CVE-2018-1126 procps-ng before version 3.3.15 is vulnerable to an incorrect integer size in proc/alloc.* leading to truncation/integer overflow issues. This flaw is related to CVE-2018-1124.
CVE-2018-1125 procps-ng before version 3.3.15 is vulnerable to a stack buffer overflow in pgrep. This vulnerability is mitigated by FORTIFY, as it involves strncat() to a stack-allocated string. When pgrep is compiled with FORTIFY (as on Red Hat Enterprise Linux and Fedora), the impact is limited to a crash.
CVE-2018-1124 procps-ng before version 3.3.15 is vulnerable to multiple integer overflows leading to a heap corruption in file2strvec function. This allows a privilege escalation for a local attacker who can create entries in procfs by starting processes, which could result in crashes or arbitrary code execution in proc utilities run by other users.
CVE-2018-1123 procps-ng before version 3.3.15 is vulnerable to a denial of service in ps via mmap buffer overflow. Inbuilt protection in ps maps a guard page at the end of the overflowed buffer, ensuring that the impact of this flaw is limited to a crash (temporary denial of service).
CVE-2018-1122 procps-ng before version 3.3.15 is vulnerable to a local privilege escalation in top. If a user runs top with HOME unset in an attacker-controlled directory, the attacker could achieve privilege escalation by exploiting one of several vulnerabilities in the config_file() function.
CVE-2018-1121 procps-ng, procps is vulnerable to a process hiding through race condition. Since the kernel's proc_pid_readdir() returns PID entries in ascending numeric order, a process occupying a high PID can use inotify events to determine when the process list is being scanned, and fork/exec to obtain a lower PID, thus avoiding enumeration. An unprivileged attacker can hide a process from procps-ng's utilities by exploiting a race condition in reading /proc/PID entries. This vulnerability affects procps and procps-ng up to version 3.3.15, newer versions might be affected also.
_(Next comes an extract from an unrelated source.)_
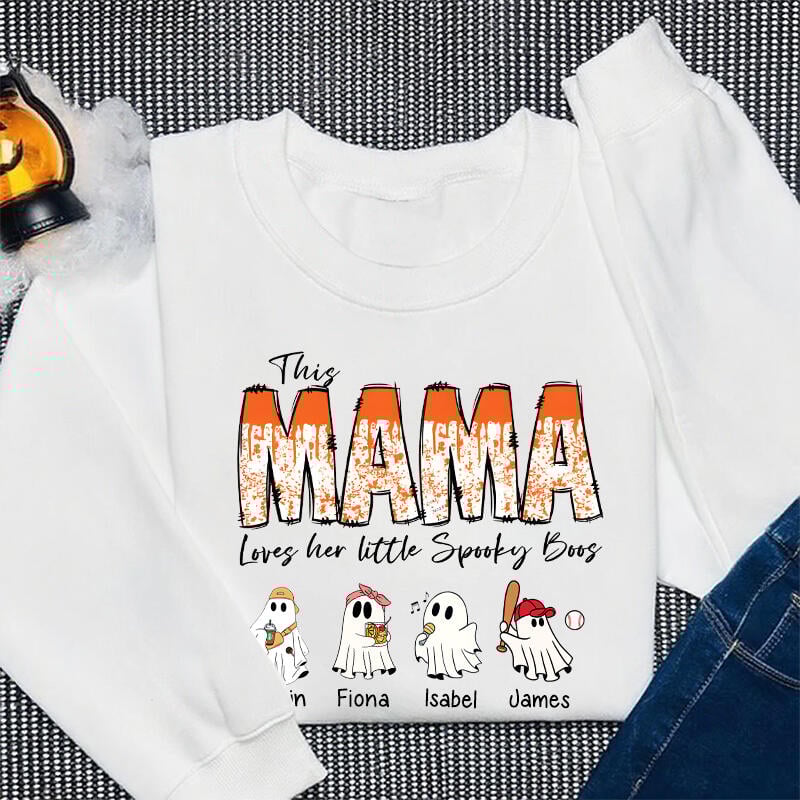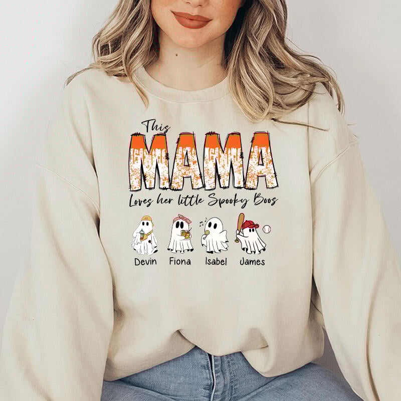Personalized Sweatshirt This Mama Loves Her Little Spooky Boos Custom Kids Names Cute Halloween Gift for Dear Mom
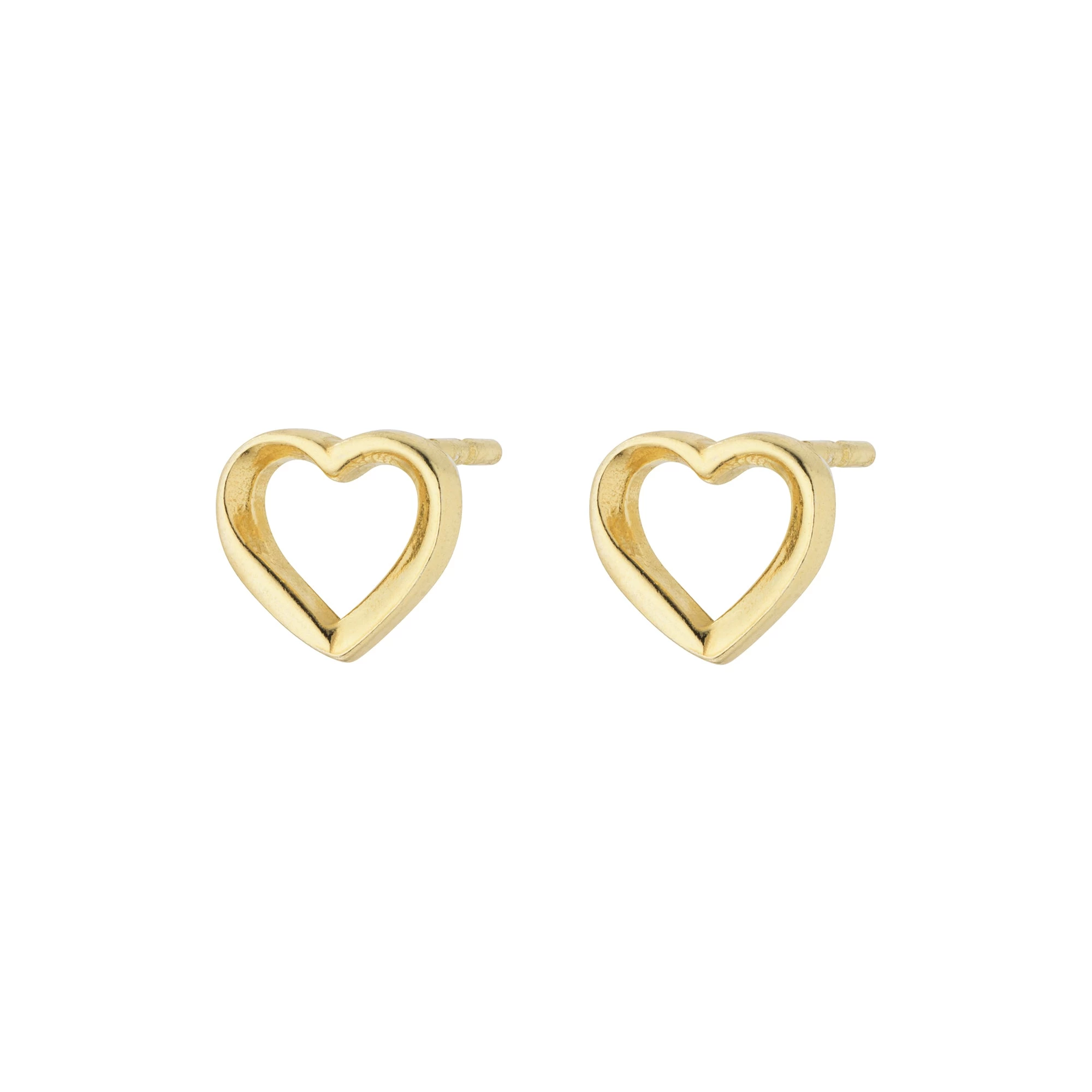 Lille åbent hjerte ørestikker udført i forgyldt sterlingsølv fra Vibholm SØLV.

CVE-2018-1120 A flaw was found affecting the Linux kernel before version 4.17. By mmap()ing a FUSE-backed file onto a process's memory containing command line arguments (or environment strings), an attacker can cause utilities from psutils or procps (such as ps, w) or any other program which makes a read() call to the /proc/<pid>/cmdline (or /proc/<pid>/environ) files to block indefinitely (denial of service) or for some controlled time (as a synchronization primitive for other attacks).